We will examine the results with varying radius values, including [0.5, 1, 3, 5, 15]. 
import pandas as pd
import matplotlib.pyplot as plt
import numpy as np
import random 
import itertools
import os
from sklearn.cluster import KMeans
data_dir = "/mnt/beegfs/mccarthy/general/backed_up/rlyu/Projects/spatialrna_ms_revision2025/"
k_list = [10,6,5,3,2]
ground_truth_rgb =  pd.read_csv(data_dir+"data/simulated/model.rgb.tsv",sep="\t")
#set(ground_truth_label.cell_label)
c_array = np.array(ground_truth_rgb[["R","G","B"]])
color_m = dict(zip(ground_truth_rgb.cell_label,range(0,10)))

ground_truth_label = pd.read_csv(data_dir+"data/simulated/pixel_label.uniq.tsv.gz",sep="\t")
ground_truth_label
ground_truth_label["ori_id"] = [x for x in range(ground_truth_label.shape[0])]
input_tx = pd.read_csv(data_dir+"data/simulated/matrix.tsv.gz",sep="\t")
ground_truth_label["gene"] = input_tx["gene"]
# ground_truth_label["Count"] = 1

ground_truth_label
Loading...

The clustering labels by different radius and k

We load the clustering results that were obtained from different input radius for graph construction and different number of clusters.

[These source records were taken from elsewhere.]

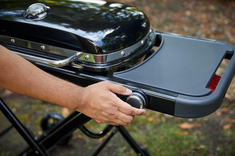 - Gril je připevněn k ocelovému vozíku - snadné skládání jednou rukou. Jednoduše stiskněte páku a gril se sám složí.
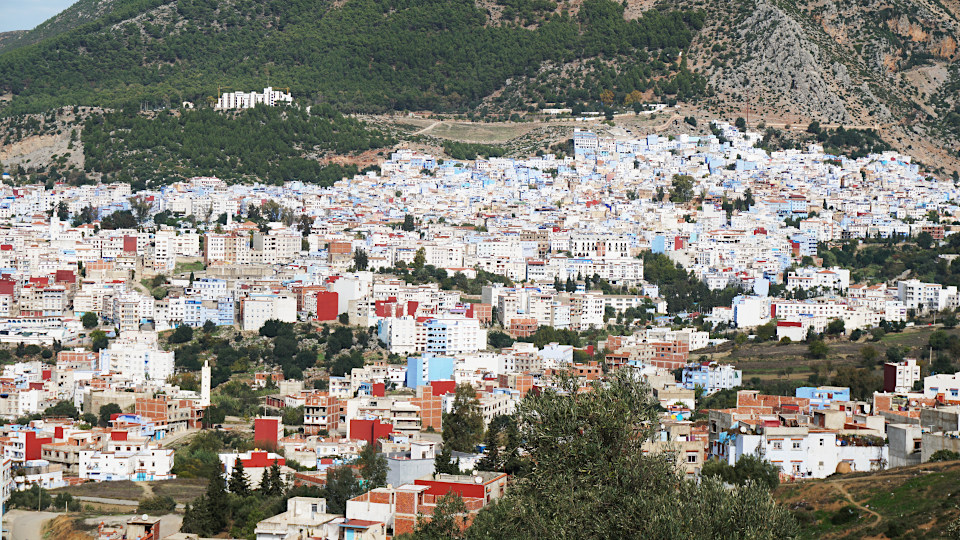 シャウエンの街全体を見渡せるところで最後のお写真タイム、こうしてみると全体が青い訳ではないんです、どちらかと言うと全体的には白っぽい。
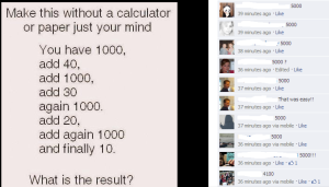 “Make this without a calculator or paper just your mind: You have 1000, add 40, add 1000, add 30, again 1000, add 20, add again 1000 and finally 10. What is the result?”
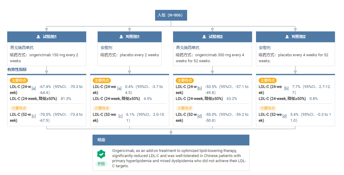 研究结果显示,昂戈瑞西单抗 150 mg 每 2 周一次(Q2W)皮下注射,可显著降低低密度脂蛋白胆固醇(LDL-C)水平达 67.4% ,在 52 周治疗期间始终维持稳定的降幅,同时对其他血脂参数也有明显的改善作用。安全性良好,治疗期间出现的不良事件(TEAE)的发生率与安慰剂相当。

kmeans_labels_df = pd.read_csv("../data/radius_and_k.csv",index_col=0)
kmeans_labels_df
Loading...
## define helper function for matching Kmeans labels with groundtruth labels
from sklearn.metrics import confusion_matrix
from sklearn.metrics import adjusted_rand_score

def find_cell_label_prop_in_k(kmeans_labels, ground_truth_label):
    contingency_table = pd.crosstab(ground_truth_label.cell_label, [str(x) for x in kmeans_labels])
    long_format = contingency_table.stack().reset_index()
    long_format.columns = ['cell_label', 'kmean_label', 'Count']
    long_format['Proportion'] = long_format.groupby('cell_label')['Count'].transform(lambda x: x / x.sum())
    return long_format


'''
match the derived kmeans labels to cell type labels, simply by confusion matrix
'''
def assign_cell_label(kmeans_labels, ground_truth_label):
    contingency_table = pd.crosstab(ground_truth_label.cell_label, [str(x) for x in kmeans_labels])
    long_format = contingency_table.stack().reset_index()
    long_format.columns = ['cell_label', 'kmean_label', 'Count']
    long_format['Proportion'] = long_format.groupby('cell_label')['Count'].transform(lambda x: x / x.sum())
    match_pair = long_format.iloc[long_format.groupby('cell_label')['Proportion'].idxmax()]
    
    match_pair_dict = dict(zip(match_pair.kmean_label,match_pair.cell_label))
    return match_pair,match_pair_dict

def calculate_ari(kmeans_labels, ground_truth_label):
    res = adjusted_rand_score(kmeans_labels,ground_truth_label.cell_label)
    return res
 
matched_pairs = {}
for col_n in kmeans_labels_df.columns:
    matched_pairs[col_n] = assign_cell_label(kmeans_labels_df[col_n],ground_truth_label)
confusion_list = {}
for col_n in kmeans_labels_df.columns:
    confusion_list[col_n] = find_cell_label_prop_in_k(kmeans_labels_df[col_n],ground_truth_label)
ari_list = {}
for col_n in kmeans_labels_df.columns:
    ari_list[col_n] = calculate_ari(kmeans_labels_df[col_n],ground_truth_label)
kmeans_labels_df.columns
Index(['r0.5_k10', 'r0.5_k6', 'r0.5_k5', 'r0.5_k3', 'r0.5_k2', 'r1_k10', 'r1_k6', 'r1_k5', 'r1_k3', 'r1_k2', 'r3_k10', 'r3_k6', 'r3_k5', 'r3_k3', 'r3_k2', 'r5_k10', 'r5_k6', 'r5_k5', 'r5_k3', 'r5_k2', 'r15_k10', 'r15_k6', 'r15_k5', 'r15_k3', 'r15_k2'], dtype='object')
confusion_list.keys()
dict_keys(['r0.5_k10', 'r0.5_k6', 'r0.5_k5', 'r0.5_k3', 'r0.5_k2', 'r1_k10', 'r1_k6', 'r1_k5', 'r1_k3', 'r1_k2', 'r3_k10', 'r3_k6', 'r3_k5', 'r3_k3', 'r3_k2', 'r5_k10', 'r5_k6', 'r5_k5', 'r5_k3', 'r5_k2', 'r15_k10', 'r15_k6', 'r15_k5', 'r15_k3', 'r15_k2'])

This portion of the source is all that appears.